Home Boxing News With This Shield or Upon It, Old Man Klitschko

With This Shield or Upon It, Old Man Klitschko

MANCHESTER, ENGLAND - DECEMBER 10: Wladimir Klitschko of Ukraine shakes hands with Anthony Joshua of England (L) following the announcement that the pair will fight at Wembley Stadium in April 2017, at Manchester Arena on December 10, 2016 in Manchester, England. (Photo by Richard Heathcote/Getty Images)

Wladimir Klitschko is one of the greater heavyweights to ever strap on a pair, no doubt about it. But just where does he rate among the very best? Has he broken into the top-10 with his longevity, dominance, technical prowess and awesome punching power? Is he instead on the back end of the top-20 or 30 due to his safety orientated style, his stoppage losses and his lack of great opponents? The argument can be made in either direction and for everything in-between.

For all intents and purposes, the resident Ukrainian cannot receive a proper evaluation on the all-time list until his career is over. Even if he gets by Britain’s Anthony Joshua, few believe he can march on much longer, at least at the world level. It would not be in his best interest to do so. “Dr. Steelhammer”, at that point, will have overcome multiple generations of top contenders, a feat accomplished by few.

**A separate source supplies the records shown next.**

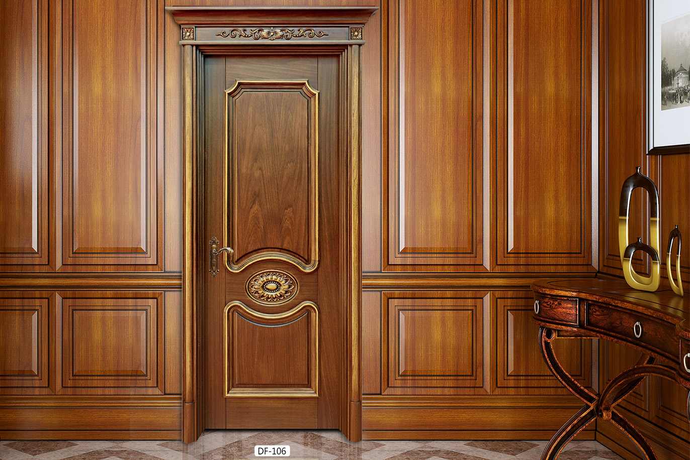 廠家直銷愉X-4061平開雕花仿古實(shí)木烤漆門
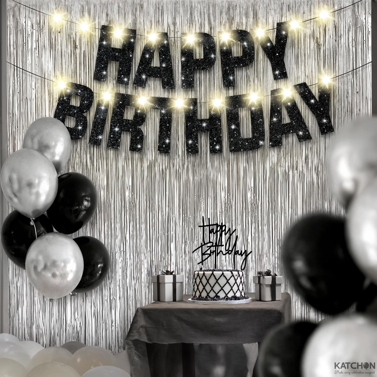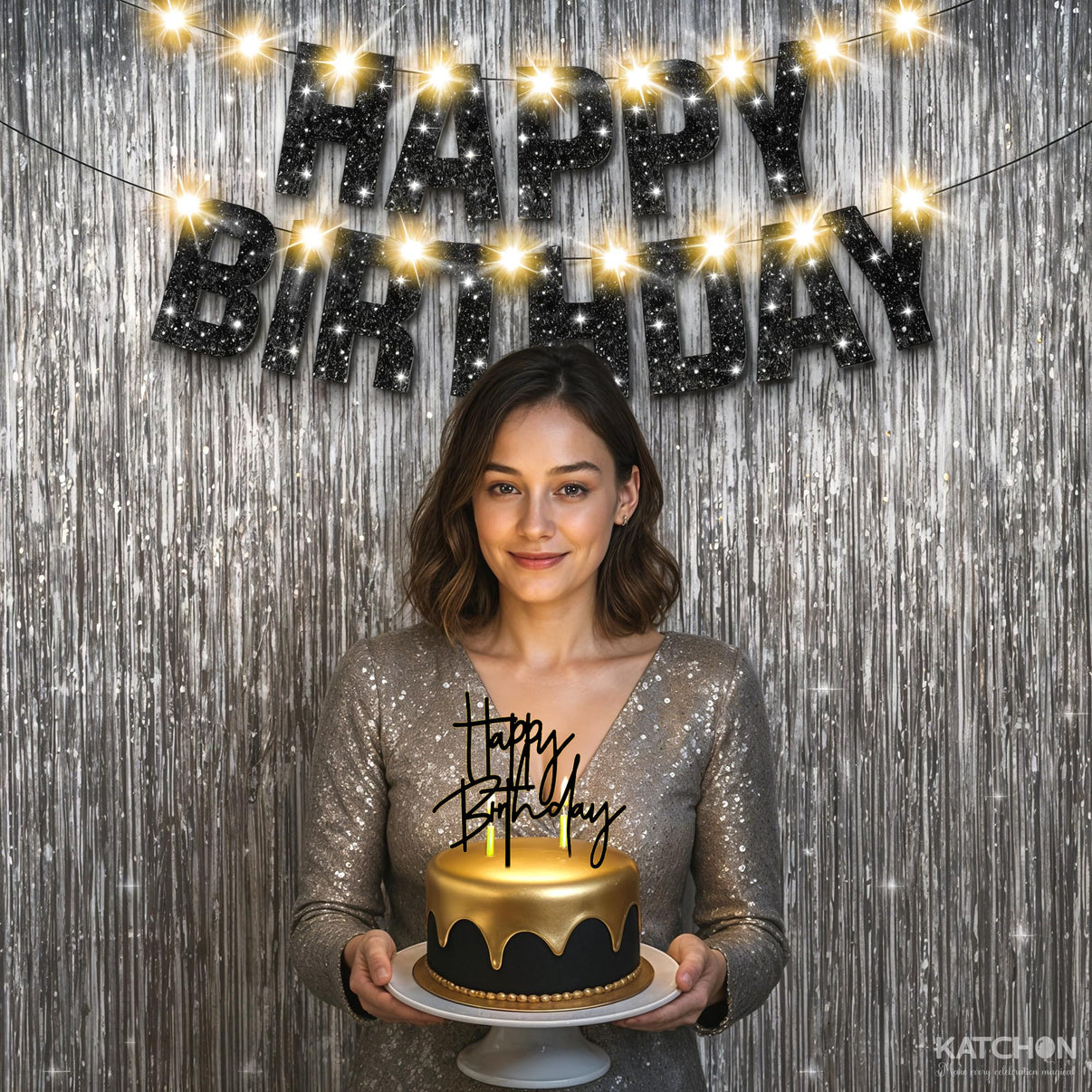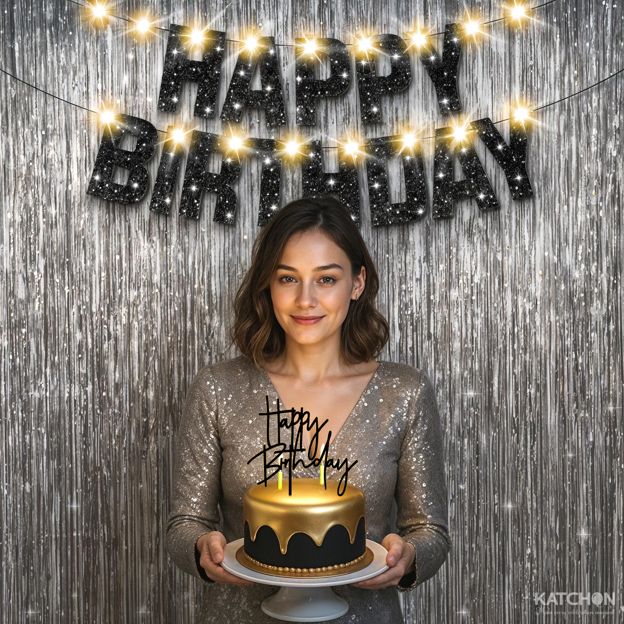 Complete Happy Birthday Decorations Set Make your celebration shine with this premium pack of 5. It includes 1 Glitter Happy Birthday Banner (10ft, letters 6), 2 Silver Foil Fringe Backdrops (6.5ft × 3.2ft), 1 Glitter Happy Birthday Cake Topper (5.3), and 1 Warm LED Happy Birthday Light Up Sign (10ft). This all-in-one kit is perfect for black happy birthday banner, happy birthday sign for backdrop, or stylish silver and black birthday decorations, happy birthday banner for women, happy birthday banners .
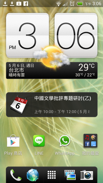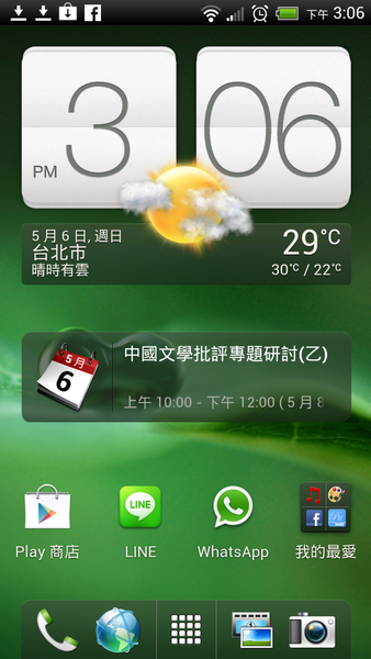 ▲ 更換面板後可以看到,不只配色,就連桌布、小工具等等都完全不一樣了。雖然官方給的十分美觀與精緻,但我還是希望 htc 能放出官方的面板編輯器,讓大家來集思廣益呢,看看以前 SE 的主題編輯多麼生氣蓬勃阿!
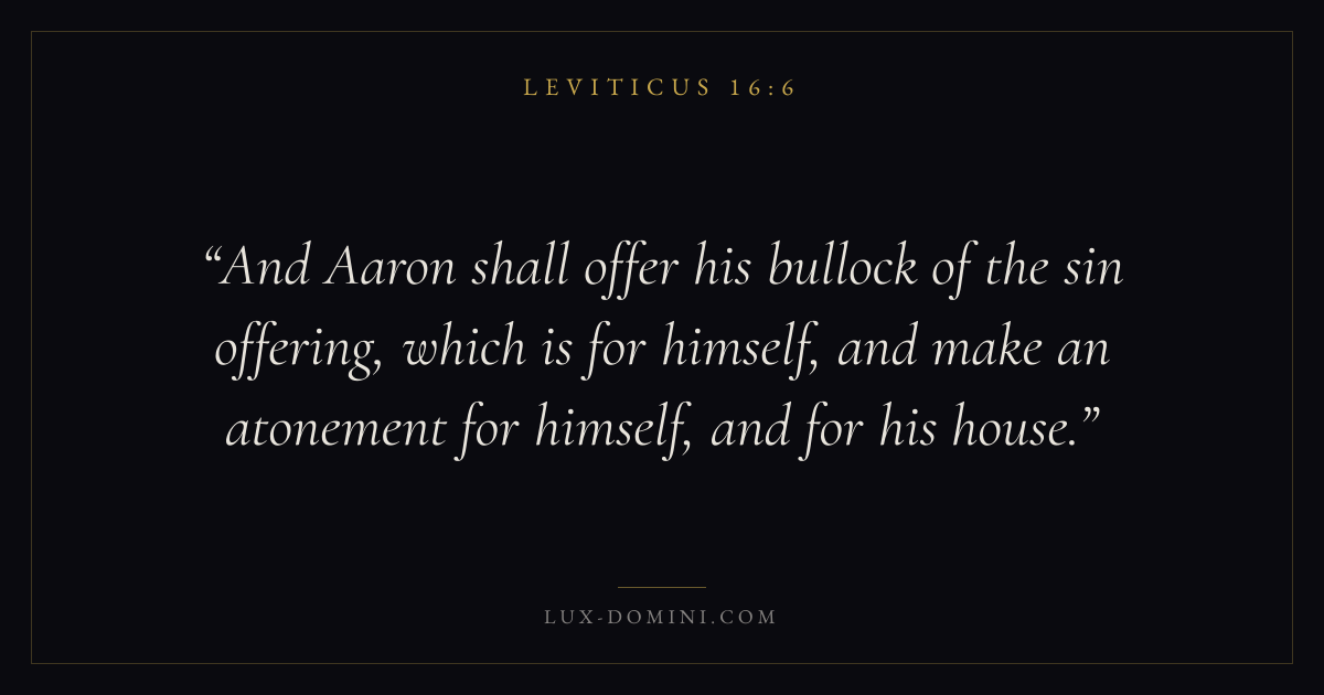 And Aaron shall offer his bullock of the sin offering, which is for himself, and make an atonement for himself, and for his house.
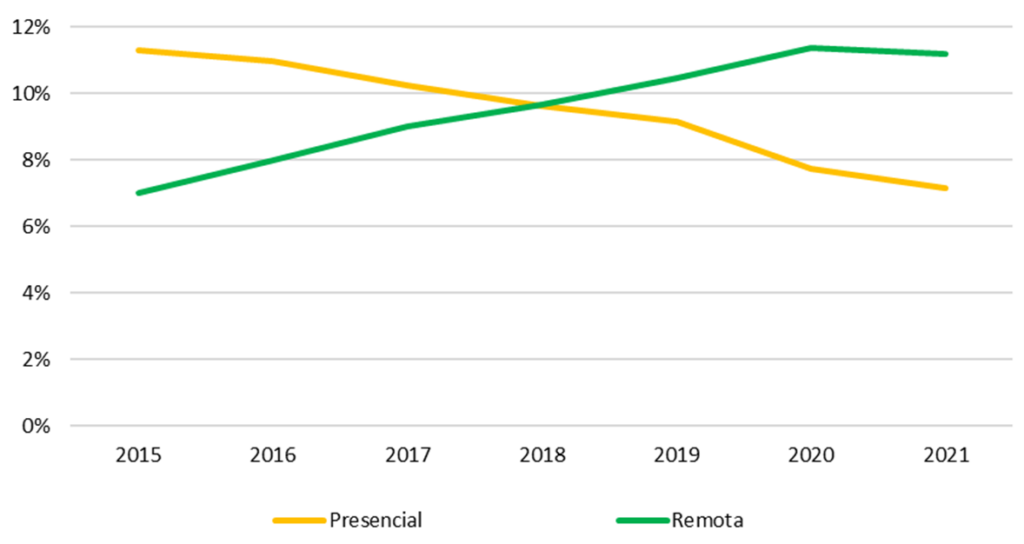 Gráfico 2 - Matrícula em programas de formação inicial docente como porcentagem da matrícula no ensino superior, segundo modalidade de ensino: BrasilFonte: BID, 2023. Quem estuda Pedagogia na América Latina e Caribe? Desafios e Tendências no Perfil do Futuro Docente.
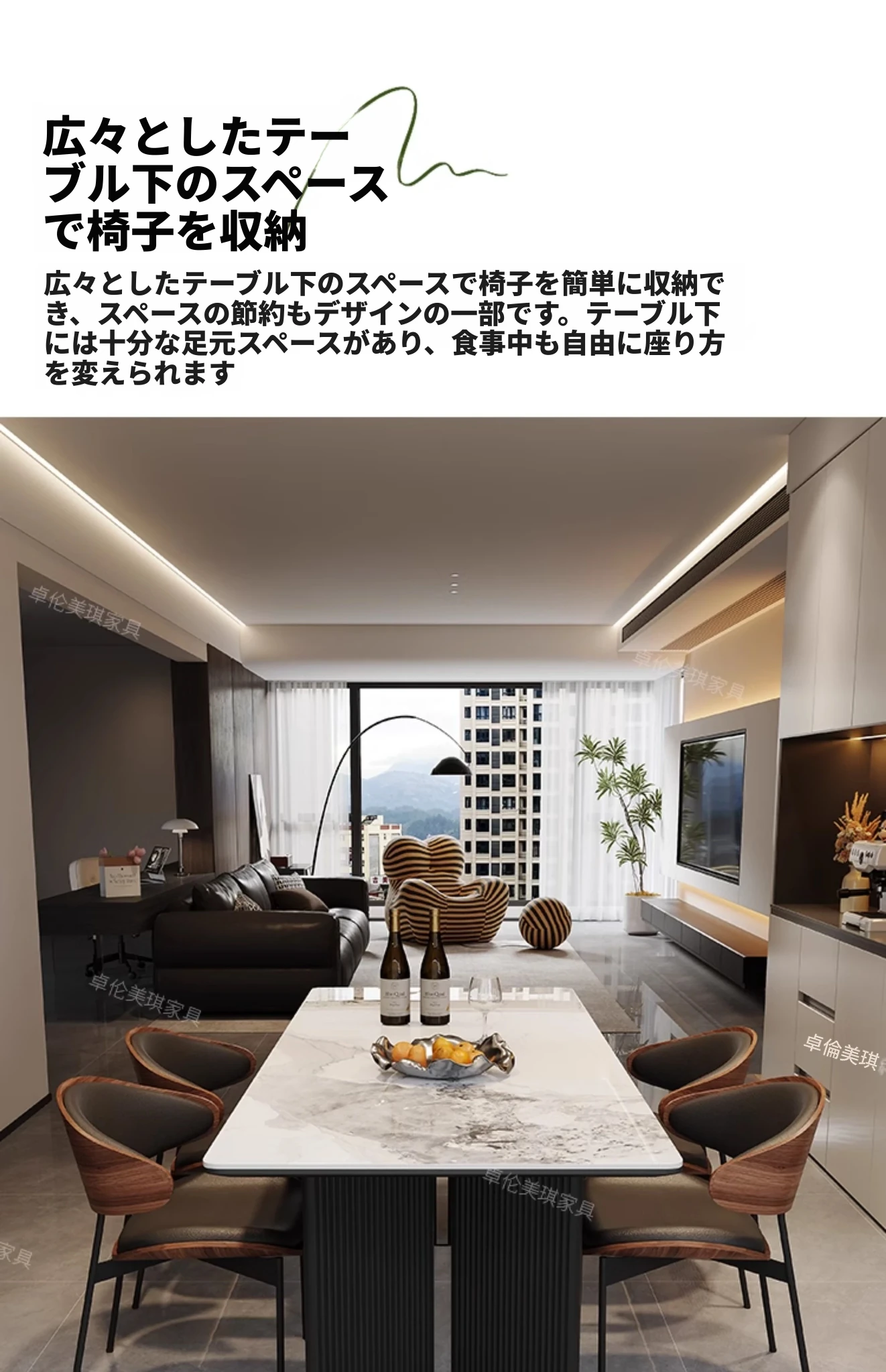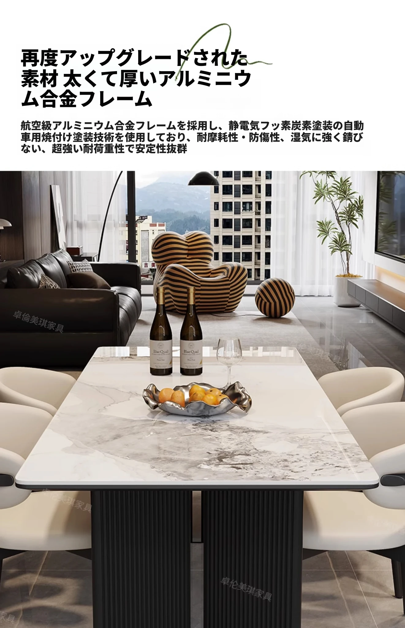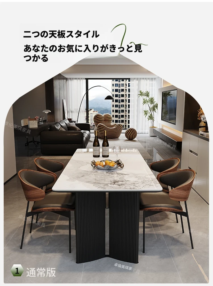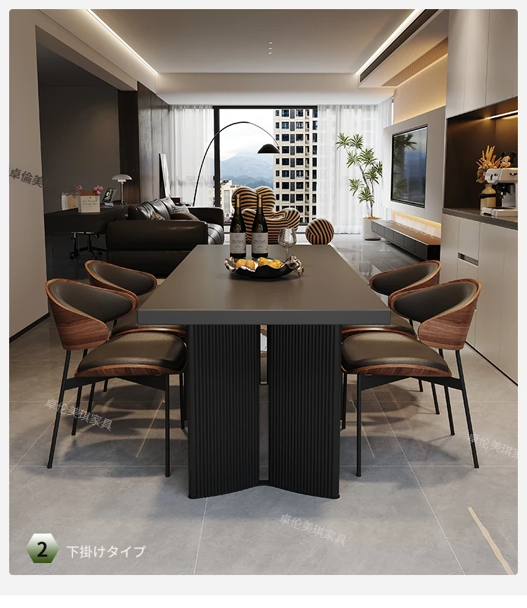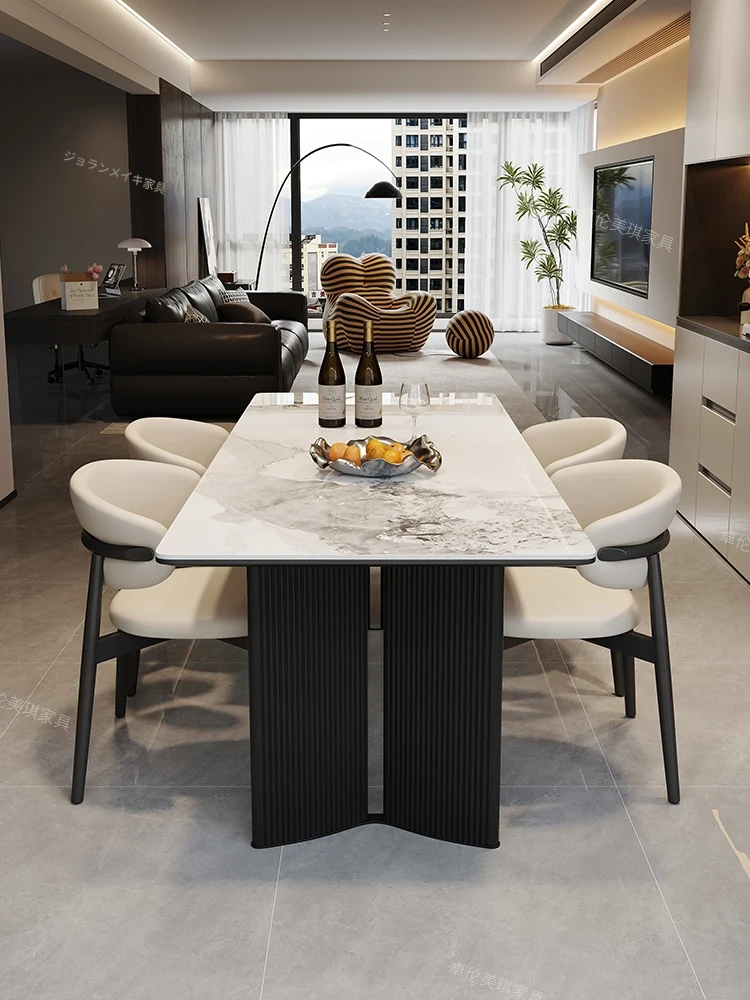 2024年最新デザイン!モダンでシンプルな軽奢岩板ダイニングテーブル&チェアセット。小型住宅に最適な長方形テーブルで、スタイリッシュな空間を演出します!

So, the end is nigh and the pundits and their pens await. “Where should he go?” they ask, dicing the facts with unequaled parts of bias and reason. I will be waiting to scribble him in, as well, but how he performs in April against a massive, hard-punching youngster will act as a sort of notoriety stamp on his legacy. If he fights tentatively, popping a jab here and there without unleashing real firepower, people will either attribute it to his age, or apply it to a line of reasoning that assumes he struggles with men of his size. It could be both. Either way I think it hurts his long-term standing. If he hangs back with his old workmanlike left while mixing in hooks and right hands, and then earns a clear enough decision or a knockout, I believe his historical ranking improves.

What is most propitious in the long run is the attempt at a stoppage. For much of Klitschko’s post-transformation period (when Steward got a hold of him) he has been branded monotonous. He methodically wears his foes down and then relieves them of their misery (and sometimes the fans’) in the later rounds. He could get away with it here once again, but in front of 90,000 fans jam-packed inside a football stadium and millions tuning in through their televisions and computers, it behooves him to do more; to ramp up the intensity and fight with a genuine passion that has permeated a select few of his title fights. The David Haye bout immediately comes to mind.

It might do him one better to revert to his previous style which consisted of more aggression, more infighting and more chances. Klitschko went for it in those days. The kayo was a borderline must. An approach like this would not only shock virtually everyone, including Joshua, but it would leave a lasting impression on those who have been cynical about his all-too-stringent modus operandi. Whether he wins or loses would come secondary to the rare excitement he could provide in a division sorely lacking it.

We haven’t seen a world class heavyweight scrap worth re-watching since his brother Vitali ironed out his differences with the legendary Lennox Lewis over a grueling six rounds nearly 15 years ago.
Now is your chance Mr. Steelhammer, heed the words of Plutarch’s Spartan mother and etch your name in annals of pugilistic history by throwing off the naysaying yolk. Give us something to remember.